Everyone I know is in therapy and if they aren't they probably should be

So, I'm in therapy. I know, I know, who isn't... Like I said to my friend S. some time ago everyone I know is in therapy and if they aren't they probably should be. I had plans to do therapy, just not now. I thought I'd go and do it later, some day in the future, when I could afford it financially and psychologically, as a sort of psycho-hygienic measure. To work on some stuff, reopen a couple of old wounds, rub a little salt in them, let them properly heal and reemerge as this awesome new and improved me - more zen, more together, more perfect. Hm... so that didn't go over too well with the universe.

A bit more than three months ago my dad died. Quite suddenly. We had a difficult relationship, and he definitely wasn't a young father, I did get to say goodbye - but, no surprise, losing him struck me hard. I lost my dad. I grew up. It wasn't pretty. But I'm a trooper so after a bit of crying I buckled up and organised my wedding in 5 weeks (with a lot of help from our friends) and got married within two months of my father's death. (Or fake-married, as I sometimes quite lovingly call the joke of a civil union we get to have here.) We had an amazing wedding party, burlesque/20ies style, we loved it, everyone else loved it and I was perfectly fine. Not. About four days after the party I cracked. And I really mean cracked! I felt I was losing my mind - hell, I still feel like that today. I was exhausted and crying all the time... and exhausted, and crying. It took me forever to get up in the morning, another lifetime to get out of the house, and I remember one day where I actually sat in my parked car in front of the office building, staring at a billboard in front of me for five minutes, before I could muster up the strength to get out of the car and into work. It wasn't pretty.

My wife and a couple of my friends must've realised that I was a bit loopy because they kept talking to me about burn out, depression, grief and taking time off. My dad had been depressed all his life, I'd seen burn out in my wife, then girlfriend, about half a year earlier, and I have a bunch of friends who've been/are in therapy for burn out and various other mental health issues. I know their troubles, and suddenly confronted by being told "you have a problem" I recognised myself in them. I finally began to see the rat race I was in. I began to see the bigger picture which was: I'm in a really bad place and I'm only going to make myself worse. Ironically, I also began to see the positive side of it. If I actually had something, if what was happening to me had a name and a form of treatment, then maybe what I've been going through isn't me failing at everything but instead me demanding too much. Maybe I wasn't a loser after all but only failing in the face of my own expectations?

So I started therapy. I quit all of my jobs (I was working as a freelancer). I registered as unemployed and am receiving unemployment benefits. It made me feel awful about myself, but now I see it as this amazing chance that allows me to become healthy again. Of course, half the time I still feel like a loser only now I'm one of those losers who is unemployed, but then I remember how I sat in my car staring at that billboard for what seemed like forever and I just know I wouldn't make it out of the car and up the stairs to the office this time. Hell, these days I sometimes don't even make it out of the apartment! It helps that my family doctor has put me on sick leave two weeks ago until next week when I'll be seeing a psychiatrist who is supposed to officially give my illness a name and hopefully put me on an extended sick leave (and hopefully not on antidepressants).

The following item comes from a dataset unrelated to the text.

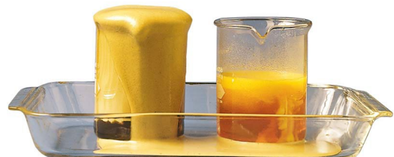
Competitive Product with Dangerous Foam

To demonstrate its capability as a low-foam product, Liquid Scale Dissolver was added to a beaker containing lime scale. A leading competitive hydrochloric acid based product was added to another beaker containing an equal amount of lime scale. The difference is dramatic. When cleaning towers and evap condensers, low-foam is the preferred approach as high foam is both dangerous to personnel and surroundings and it represents wasted acid.

Since mental health issues are still mostly a taboo, be it burn out, depression or something other, I'd like to point you to this amazing blog post by Beth Hommel (assistant to one Ms Amanda Palmer btw.) which made me feel both understood myself and understanding my wife better (she showed me the blog and wrote about her own experience with it here). And I can only encourage you to (continue to) speak up about mental health issues, be it on your blog, in real life or in one of those status updates which have been becoming quite popular on facebook.

1 comment:

  1. A standard part of my job is that I have to go to my own therapy at least twice a month. I generally just do the every other week thing. I spend so much of my time diagnosing and listening and responding that it is very hard for me to be on the other side of the desk. But, I admit that it helps. I don't always see it until months later, but it does. And it may be that way for you as well. Good luck!